Edited on Sat Oct-29-05 12:50 AM by Carolab
From Dowd's "Woman of Mass Destruction" piece:

"I've always liked Judy Miller. I have often wondered what Waugh or Thackeray would have made of the Fourth Estate's Becky Sharp.

The traits she has that drive many reporters at The Times crazy - her tropism toward powerful men, her frantic intensity and her peculiar mixture of hard work and hauteur - have never bothered me. I enjoy operatic types.

Once when I was covering the first Bush White House, I was in The Times's seat in the crowded White House press room, listening to an administration official's background briefing. Judy had moved on from her tempestuous tenure as a Washington editor to be a reporter based in New York, but she showed up at this national security affairs briefing.

At first she leaned against the wall near where I was sitting, but I noticed that she seemed agitated about something.
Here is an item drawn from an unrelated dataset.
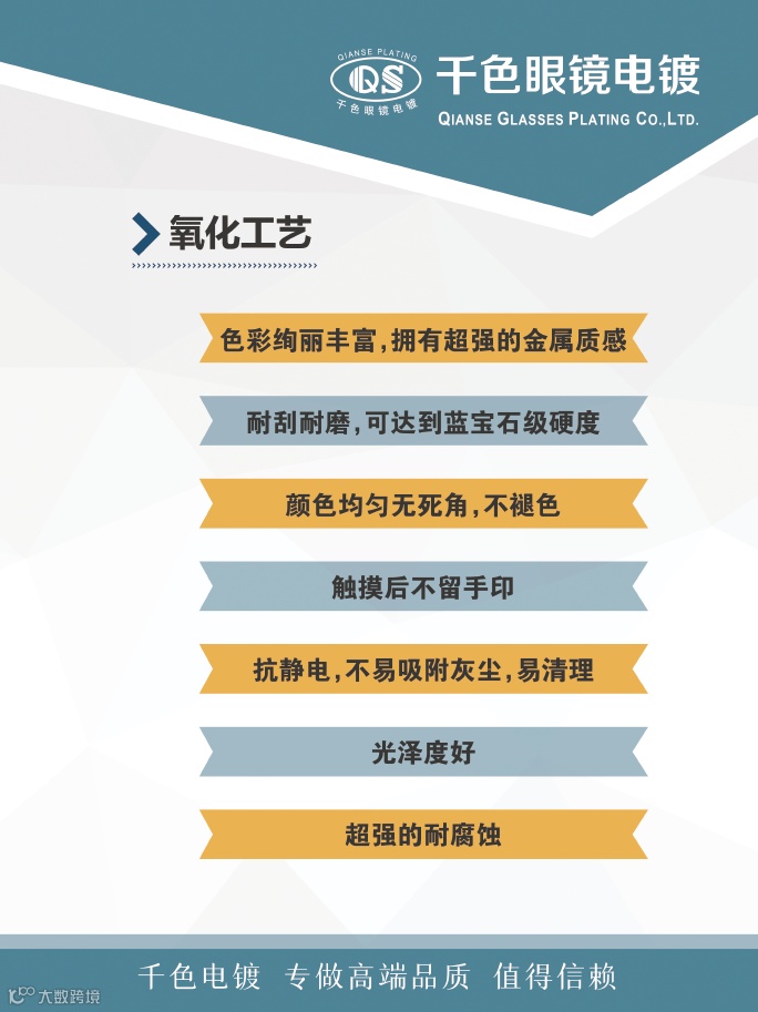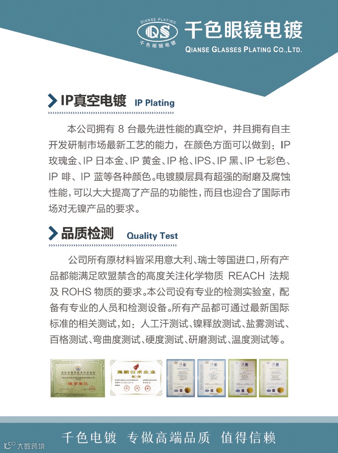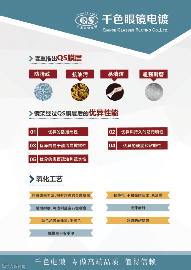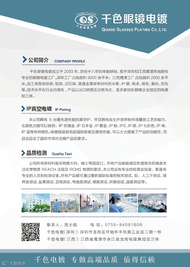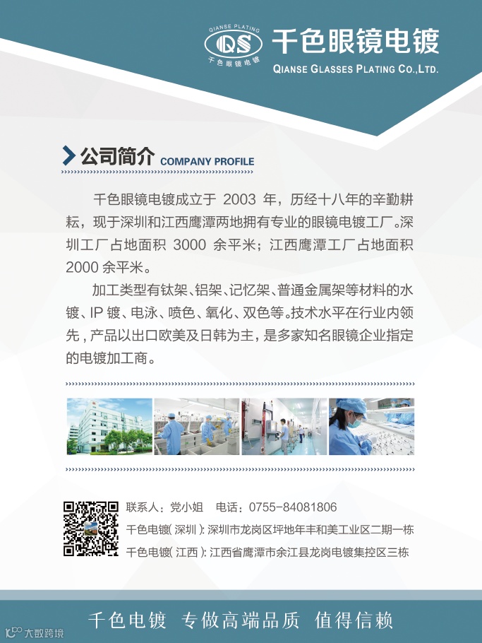 深圳市方元千色眼镜科技开发有限公司是深圳市眼镜行业协会的会员单位,是深圳有名的眼镜电镀加工商,加工类型有钛架、铝架、记忆架、普通金属架等材料的水镀、IP镀、电泳、喷色、氧化、双色等,技术水平在行业内领先。欢迎您5月6——8日来到上海眼镜展3号馆深圳展区3U16了解眼镜电镀。
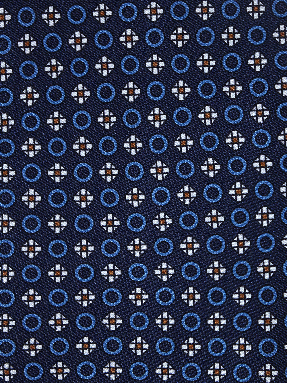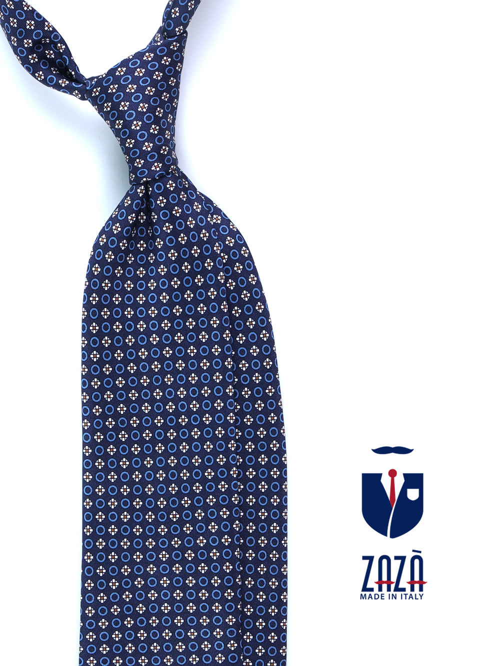 Un pilastro di versatilità ed eleganza, reinterpretato con il gusto e la qualità ZAZÀ Made in Italy. Questa cravatta è realizzata in pregiata seta stampata, un tessuto dalla mano liscia e dalla lucentezza discreta che garantisce un nodo perfetto. Il fondo blu navy, classico e autorevole, è la base per un raffinato micro-motivo geometrico che unisce la freschezza dell'azzurro, il calore del marrone e la purezza del bianco, creando un equilibrio visivo perfetto. È l'accessorio chiave per l'uomo che cerca un'eleganza impeccabile per ogni occasione.

Midway through the briefing, she came over and whispered to me, "I think I should be sitting in the Times seat."

It was such an outrageous move, I could only laugh. I got up and stood in the back of the room, while Judy claimed what she felt was her rightful power perch."

**********

Sounds to me like Judy had a bit more "protection" at the Times than did Dowd. Maureen wouldn't have jeopardized her own career by attacking Judy in print until the Times own management came down on her too.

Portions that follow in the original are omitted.